K and I agreed during our phone call that we will work via Skype, email and text from Monday. We are meeting for a final face-to-face session (for now I hope!) on Thursday or Monday, depending on when her car is fixed. So unless one of us gets sick before then we have two more hours with her and she is going to lend us lots of books and it is a relief to be going there with the knowledge it is the last time for a while, rather than being cut off suddenly. This feels utterly horrendous but the right thing for both of us. It feels too risky to keep meeting when her and Nina have asthma and K has the thyroid disorder – imagine if she got hit badly by the virus and had a massive health flare. And it means we won’t be on edge every single week wondering if the next session will go ahead. It will be hugely challenging and I have wailed and sobbed a lot this afternoon and felt so unsafe I’ve called my GP to ask about crisis support, but nothing about this current situation is not challenging, for anyone.

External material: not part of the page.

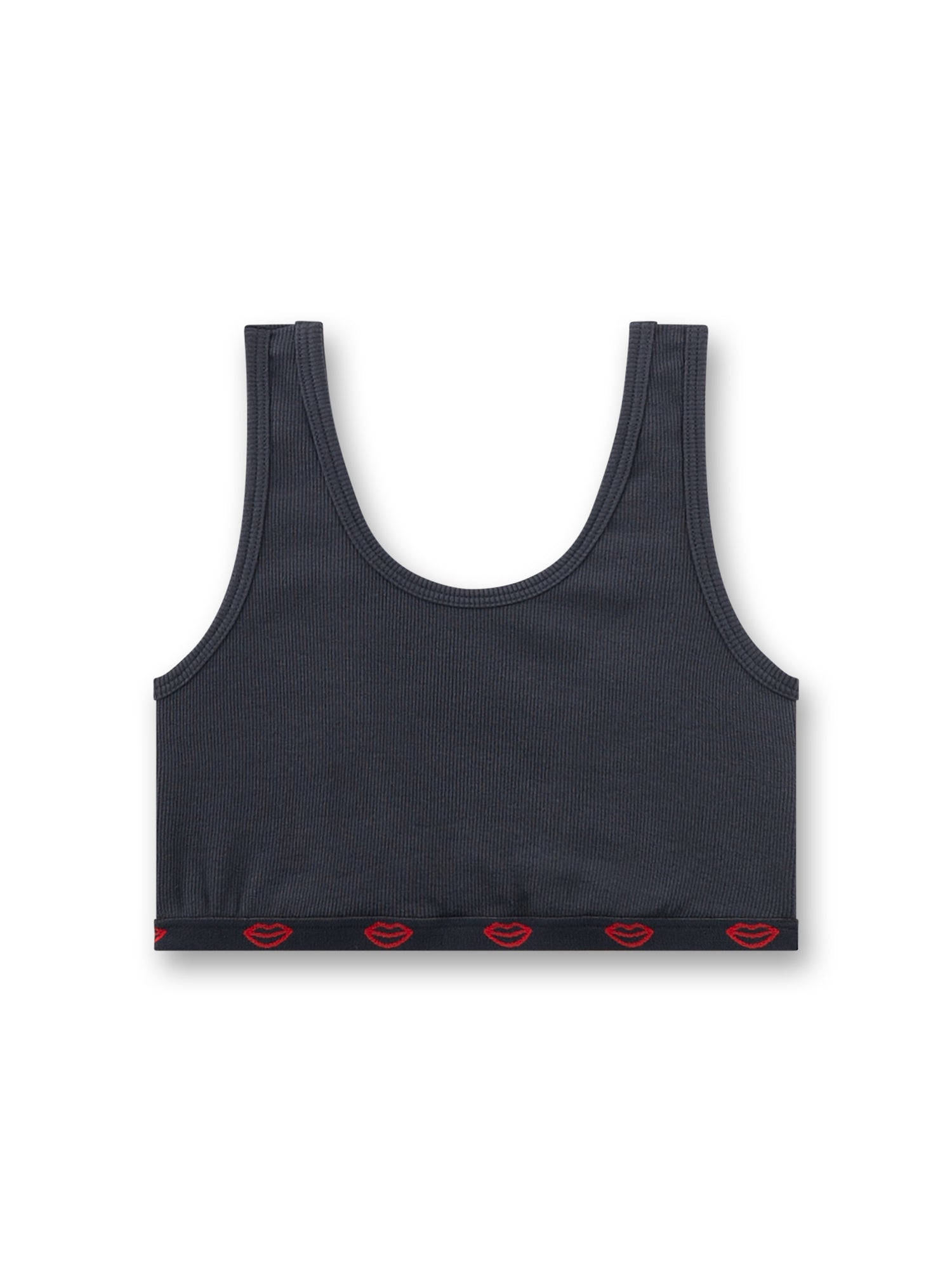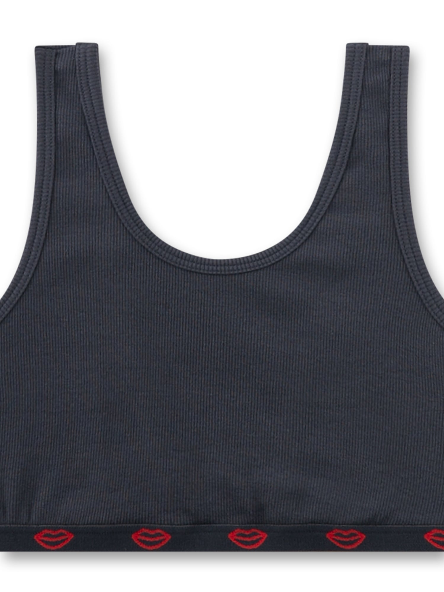 Hergestellt aus elastischer Rippe mit 95 % Baumwolle und 5 % Elasthan, ist es angenehm weich, dehnbar und besonders bequem für den Alltag. Breite Träger und ein gewebter Elastikbund sorgen für sicheren Halt, während der Rücken mittig frei ausgeschnitten ist und die Träger sich erst unten am Bund verbinden – ein lässiger, jugendlicher Look.

We are going to split the double session to do hour long phone sessions on Mondays and Fridays, with our usual quick email check-in on Wednesdays (we’d both individually thought this would work best) and I’ve asked if at the start I can pay a bit for text check-ins on Tuesdays and Thursdays because I’d rather know that is there then need to be in absolute crisis to get contact on those days. It will be good to know it is there however I am doing. My biggest fear is totally cutting off from her and becoming incredibly dissociated and forgetting who she is. I hope the level of contact will stop this. She also said she would let me know how she is if she got sick, because that would be awful to know she’d caught it and not know how she was with it. I really hope I can start to stabilise, not least because I need to build my immune system up and I’m still not eating. Today I had 3 chick pea rissoles at 6.30 plus a Vitamin C and Zinc drink. This is not enough and is more than I’ve had some days. I am going to try and sort this out tomorrow.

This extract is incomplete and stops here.